Well Walter's blood work came back normal, however his ultrasound did not come back normal, according to the ultrasound tech, the tech would not even give an opinion. I will not know until tomorrow when the doctor can read Walter's ultrasound, my own vet said it was a good thing we did the ultrasound, all he gleaned from talking to the tech was that Walter's pancreas is laden with cysts and his intestinal walls are disturbing thick. 

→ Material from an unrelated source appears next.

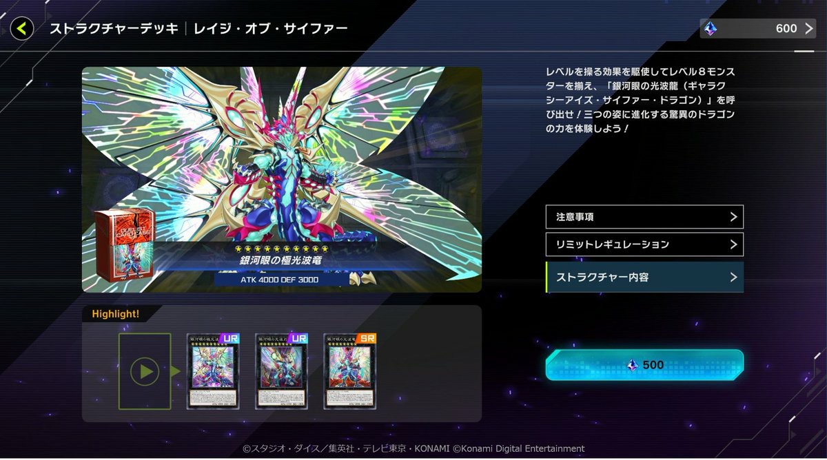 此外,为了配合新模式上线,一套新预组卡组“银河眼光波龙”也同步上线游戏,售价500宝石。该预组是超量主题的预组,可以参与新模式对战。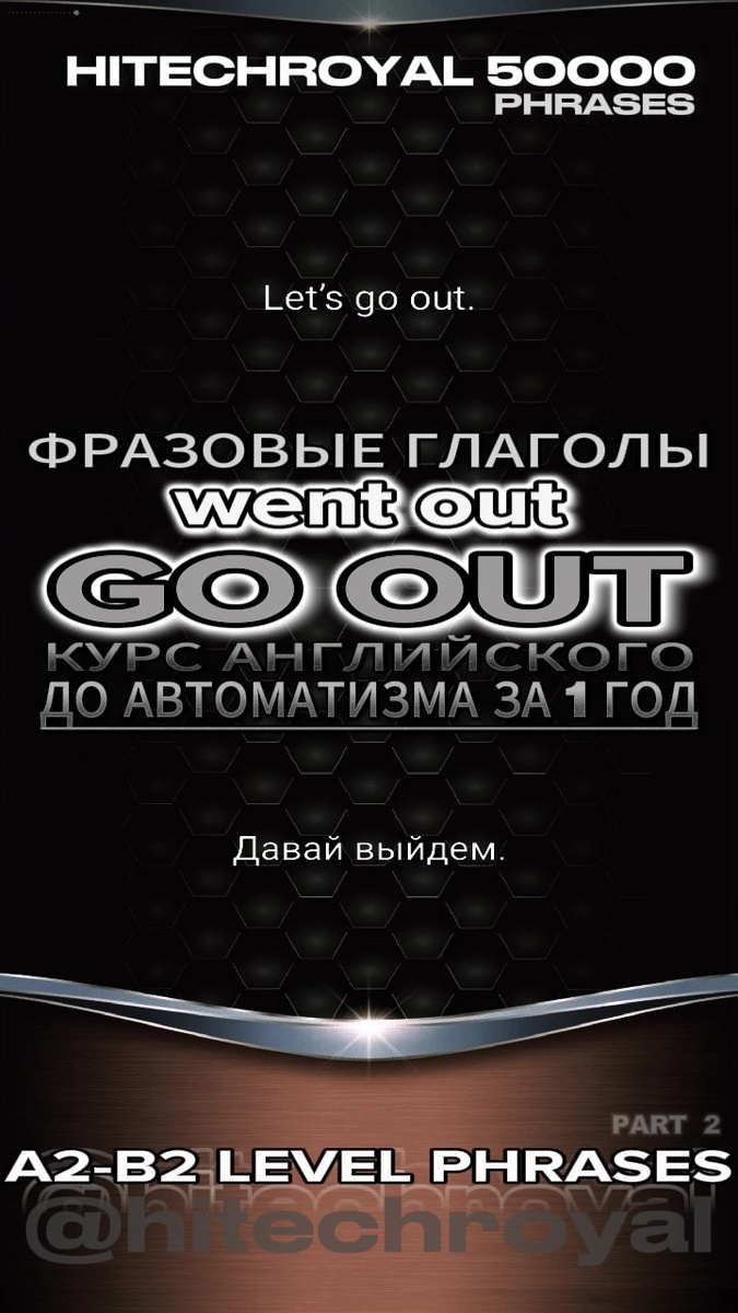 Фразовый глагол "go out" также является многозначным и широко используется в повседневной речи. Рассмотрим его основные значения и примеры использования. ТРЕНАЖЕРЫ: ПРОСТО ВКЛЮЧИТЕ ФОНОМ ЛЮБОЙ Один из самых распространенных случаев использования "go out" — это когда говорят о выходе из дома с целью развлечения, например, пойти в кино, ресторан или на вечеринку. Пример: В прошедшем времени: "Go out" также используется для обозначения романтических отношений между людьми. Пример: В прошедшем времени: Фразовый глагол "go out" может обозначать процесс гашения света или огня. Пример: В прошедшем времени: Этот фразовый глагол может указывать на окончание действия чего-либо, например, срока годности. Пример: В прошедшем времени: "Go out" может использоваться для обозначения отправки сообщения, письма или другого предмета. Пример: В прошедшем времени: Это видео, как и многие другие, является частью комплексного курса "Английский с нуля до продвинутого за один год", который помогает автоматиз

Please keep my grumpy boy in your thoughts


----------



## lily cd re (Jul 23, 2012)

Oh I am sorry to hear that the ultrasound findings are complicated. I hope the radiologist can give you a clear picture of what is going on and that a good management plan can be developed. My vet generally thinks that some level of pancreatitis is common in older cats because the pancreatic duct is very short and connects to the very first part of the small intestine where the gut lumen contents are still somewhat acidic after leaving the stomach. The thickening of the intestinal wall suggests he may be having some nutritional malabsorption issues.


----------



## twyla (Apr 28, 2010)

Thickness of the intestinal wall can be attributed to I.B.S.

But from my reading cats do not develop true Pancreatic cysts, pancreatic psuedocysts are seen in cats and are a symptomatic of Pancreatitis which is fairly rare in cats, lots of stuff can cause it: contagious infections like toxoplasmosis and distemper, exposure to poisons including insecticides and certain drugs, bacterial infection in the intestines, even direct damage to the pancreas following physical injury can can it.

I am worried, I know there isn't anything I can do at the moment but wait, my vet told me if I do not hear from him by noon to call.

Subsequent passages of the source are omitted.